By 2013, IDC forecasts that worldwide shipments of smartphones will surpass 390 million units, growing at a compound annual growth rate (CAGR) of 20.9% for the 2009?2013 forecast period.
In a market that was once dominated by a handful of pioneers, such as BlackBerry, Symbian, and Windows Mobile, newcomers touting open standards (Android) and intuitive design and navigation (Mac OS X and webOS) have garnered strong end-user and handset vendor interest, the IDC report claims.
"Mobile operating systems have become the key ingredient in the highly competitive mobile device market. Although the overall look and feel of the device will still play an important role in the buying process, the wrong choice of operating system coupled with an awkward user interface can mean the difference between success and failure," says Stephen D. Drake, vice president, Mobility and Telecom.
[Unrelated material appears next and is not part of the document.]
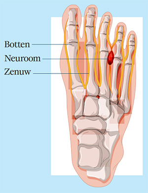 - Een doorgezakte voorvoet waardoor de druk op de zenuwbaan toeneemt.
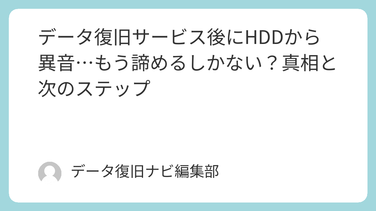 あなたのHDDがデータ復旧サービスから戻ってきても異音が続くということは、残念ながら、そのHDDの物理的な問題が完全に解決されていないか、あるいはデータ復旧が非常に困難なレベルの損傷が残っている可能性が高いことを示しています。

According to the latest IDC market outlook, Symbian will retain its leadership position worldwide throughout the forecast period. Due primarily to the strength of Nokia in markets outside of the United States, Symbian continues to lead all other mobile operating systems.
Android will experience the fastest growth of any mobile operating system, the report claims. Starting from a very small base of just 690,000 units in 2008, total Android-powered shipments will reach 68.0 million units by 2013, making for a CAGR of 150.4%. Android will benefit from having a growing footprint of handset vendors supporting it and will finish second to Symbian in shipments by 2013, the report indicates.
Linux and webOS shipments will struggle throughout the forecast period. Shipments of Linux-powered devices will trend down due to greater emphasis on the Android platform but will not disappear entirely as some vendors will continue to support it. Palm's webOS, despite growing steadily, will capture limited market share due to limited deployment and availability of devices across multiple carriers.